Chip boast – Google claims its own AI chips remove the need to increase the number of its data centres
Google has revealed it has made great strides after it began developing its own in-house custom accelerators for machine learning applications.
Last May Google said that it had started a stealthy project several years ago to develop a custom ASIC, built specifically for machine learning.
Google called it a Tensor Processing Unit (TPU), and said that it had been using them in its data centres for more than a year, and had “found them to deliver an order of magnitude better-optimized performance per watt for machine learning”.
Now a year later it has conducted some benchmarks for these TPUs, which show the astonishing power of these chips.
Google made the announcement in a blog posting this week, and revealed that its TPUs are 15x to 30x faster than contemporary GPUs and CPUs.
And these devices are also much more energy efficient.
“The TPU also achieves much better energy efficiency than conventional chips, achieving 30x to 80x improvement in TOPS/Watt measure (tera-operations [trillion or 1012 operations] of computation per Watt of energy consumed),” blogged Norm Jouppi, a distinguished hardware engineer at Google.
And Jouppi wrote that the neural networks powering these applications require a surprisingly small amount of code: just 100 to 1500 lines.
“The need for TPUs really emerged about six years ago (2011), when we started using computationally expensive deep learning models in more and more places throughout our products,” wrote Jouppi. “The computational expense of using these models had us worried. If we considered a scenario where people use Google voice search for just three minutes a day and we ran deep neural nets for our speech recognition system on the processing units we were using, we would have had to double the number of Google data centres!”

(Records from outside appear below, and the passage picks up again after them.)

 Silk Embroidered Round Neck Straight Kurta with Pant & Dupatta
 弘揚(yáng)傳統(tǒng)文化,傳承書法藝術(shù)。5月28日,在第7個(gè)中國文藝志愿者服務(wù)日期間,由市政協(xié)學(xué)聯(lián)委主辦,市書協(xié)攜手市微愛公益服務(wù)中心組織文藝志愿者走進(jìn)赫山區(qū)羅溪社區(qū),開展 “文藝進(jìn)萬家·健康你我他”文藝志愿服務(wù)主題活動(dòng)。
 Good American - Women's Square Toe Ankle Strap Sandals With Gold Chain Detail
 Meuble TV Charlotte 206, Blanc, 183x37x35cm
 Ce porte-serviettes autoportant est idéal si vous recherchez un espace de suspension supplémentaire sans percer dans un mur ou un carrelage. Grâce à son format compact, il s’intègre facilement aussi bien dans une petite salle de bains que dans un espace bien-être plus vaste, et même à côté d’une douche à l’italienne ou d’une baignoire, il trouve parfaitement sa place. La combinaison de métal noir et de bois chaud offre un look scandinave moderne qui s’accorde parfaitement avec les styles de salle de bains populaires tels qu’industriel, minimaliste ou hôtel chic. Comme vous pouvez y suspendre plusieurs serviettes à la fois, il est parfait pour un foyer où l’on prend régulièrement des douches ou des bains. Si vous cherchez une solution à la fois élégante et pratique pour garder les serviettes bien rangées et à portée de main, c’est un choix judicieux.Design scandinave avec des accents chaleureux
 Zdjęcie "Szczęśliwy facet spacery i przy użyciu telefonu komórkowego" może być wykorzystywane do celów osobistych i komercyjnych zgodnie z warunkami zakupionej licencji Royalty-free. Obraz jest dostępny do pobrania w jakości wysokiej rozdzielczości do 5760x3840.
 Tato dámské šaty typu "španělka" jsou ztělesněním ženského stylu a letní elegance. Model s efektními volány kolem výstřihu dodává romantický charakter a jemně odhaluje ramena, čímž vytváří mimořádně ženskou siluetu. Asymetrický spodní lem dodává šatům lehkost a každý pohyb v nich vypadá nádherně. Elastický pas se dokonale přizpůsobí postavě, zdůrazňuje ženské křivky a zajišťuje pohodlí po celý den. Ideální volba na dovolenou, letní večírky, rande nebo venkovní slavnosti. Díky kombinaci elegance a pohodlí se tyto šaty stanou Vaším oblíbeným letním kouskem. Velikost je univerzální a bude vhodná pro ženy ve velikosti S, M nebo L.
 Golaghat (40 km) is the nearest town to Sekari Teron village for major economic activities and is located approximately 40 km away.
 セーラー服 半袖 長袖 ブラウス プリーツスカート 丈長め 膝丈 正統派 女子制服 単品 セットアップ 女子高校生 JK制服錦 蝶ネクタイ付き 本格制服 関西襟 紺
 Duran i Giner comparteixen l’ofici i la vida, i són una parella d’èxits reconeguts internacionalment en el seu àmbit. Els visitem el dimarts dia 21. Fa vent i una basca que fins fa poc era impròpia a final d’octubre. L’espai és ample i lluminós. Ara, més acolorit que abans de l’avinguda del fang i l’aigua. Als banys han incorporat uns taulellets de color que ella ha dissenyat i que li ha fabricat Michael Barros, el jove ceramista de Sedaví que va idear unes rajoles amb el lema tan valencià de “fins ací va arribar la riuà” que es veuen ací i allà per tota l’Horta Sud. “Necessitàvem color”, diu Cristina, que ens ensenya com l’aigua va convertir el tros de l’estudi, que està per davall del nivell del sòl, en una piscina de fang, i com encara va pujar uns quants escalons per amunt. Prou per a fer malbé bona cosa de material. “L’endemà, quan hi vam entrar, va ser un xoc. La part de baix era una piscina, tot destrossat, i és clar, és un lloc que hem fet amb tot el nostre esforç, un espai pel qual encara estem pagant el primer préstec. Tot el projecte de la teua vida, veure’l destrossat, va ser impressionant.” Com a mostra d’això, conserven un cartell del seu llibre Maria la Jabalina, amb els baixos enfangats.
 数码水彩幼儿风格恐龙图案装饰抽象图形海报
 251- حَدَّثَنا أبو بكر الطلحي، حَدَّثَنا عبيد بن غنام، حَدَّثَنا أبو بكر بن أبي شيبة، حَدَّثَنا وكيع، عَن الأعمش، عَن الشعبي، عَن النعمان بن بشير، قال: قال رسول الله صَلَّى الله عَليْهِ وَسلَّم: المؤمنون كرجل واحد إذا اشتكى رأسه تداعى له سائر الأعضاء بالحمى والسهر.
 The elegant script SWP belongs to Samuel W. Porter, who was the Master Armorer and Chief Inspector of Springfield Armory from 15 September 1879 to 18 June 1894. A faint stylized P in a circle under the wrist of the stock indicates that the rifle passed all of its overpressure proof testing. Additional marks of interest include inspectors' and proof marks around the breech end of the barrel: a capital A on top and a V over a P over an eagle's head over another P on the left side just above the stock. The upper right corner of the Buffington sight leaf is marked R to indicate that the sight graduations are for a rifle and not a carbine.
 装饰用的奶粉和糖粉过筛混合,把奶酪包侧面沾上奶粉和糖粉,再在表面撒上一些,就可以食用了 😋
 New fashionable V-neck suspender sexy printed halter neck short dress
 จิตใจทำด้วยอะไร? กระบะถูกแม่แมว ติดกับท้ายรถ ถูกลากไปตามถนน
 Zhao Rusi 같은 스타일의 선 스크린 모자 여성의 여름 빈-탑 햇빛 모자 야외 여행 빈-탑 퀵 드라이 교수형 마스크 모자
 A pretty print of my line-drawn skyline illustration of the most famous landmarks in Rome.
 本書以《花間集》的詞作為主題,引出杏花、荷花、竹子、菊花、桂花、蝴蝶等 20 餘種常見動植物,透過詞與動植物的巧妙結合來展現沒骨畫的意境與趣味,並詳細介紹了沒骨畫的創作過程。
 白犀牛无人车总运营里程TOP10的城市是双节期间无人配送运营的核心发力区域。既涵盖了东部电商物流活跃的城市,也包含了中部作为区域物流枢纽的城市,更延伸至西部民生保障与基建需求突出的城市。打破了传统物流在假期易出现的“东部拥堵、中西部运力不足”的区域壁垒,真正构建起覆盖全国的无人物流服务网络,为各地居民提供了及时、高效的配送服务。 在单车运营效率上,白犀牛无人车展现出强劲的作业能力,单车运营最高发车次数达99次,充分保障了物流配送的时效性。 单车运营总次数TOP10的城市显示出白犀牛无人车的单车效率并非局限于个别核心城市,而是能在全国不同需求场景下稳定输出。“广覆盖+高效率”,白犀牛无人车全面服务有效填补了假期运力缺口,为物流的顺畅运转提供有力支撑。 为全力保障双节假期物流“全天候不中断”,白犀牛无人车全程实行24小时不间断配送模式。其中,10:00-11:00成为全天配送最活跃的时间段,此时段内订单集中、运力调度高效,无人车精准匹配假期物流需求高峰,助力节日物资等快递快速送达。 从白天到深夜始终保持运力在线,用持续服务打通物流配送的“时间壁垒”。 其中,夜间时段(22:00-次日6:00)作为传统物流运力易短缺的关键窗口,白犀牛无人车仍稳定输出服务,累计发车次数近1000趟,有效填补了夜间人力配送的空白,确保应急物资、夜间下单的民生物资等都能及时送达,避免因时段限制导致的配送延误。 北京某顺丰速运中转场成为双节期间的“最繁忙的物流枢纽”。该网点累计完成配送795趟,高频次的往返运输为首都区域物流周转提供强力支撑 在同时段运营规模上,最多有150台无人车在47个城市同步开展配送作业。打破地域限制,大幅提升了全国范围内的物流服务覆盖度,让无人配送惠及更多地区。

Jouppi also said that the TPUs allowed Google to design products that respond in fractions of a second.
“TPUs are behind every search query; they power accurate vision models that underlie products like Google Image Search, Google Photos and the Google Cloud Vision API; they underpin the groundbreaking quality improvements that Google Translate rolled out last year; and they were instrumental in Google DeepMind’s victory over Lee Sedol, the first instance of a computer defeating a world champion in the ancient game of Go,” he wrote.
And it seems unlikely that these TPUs will be appearing outside a Google data centre any time soon.
“We’re committed to building the best infrastructure and sharing those benefits with everyone,” wrote Google’s Jouppi. “We look forward to sharing more updates in the coming weeks and months.”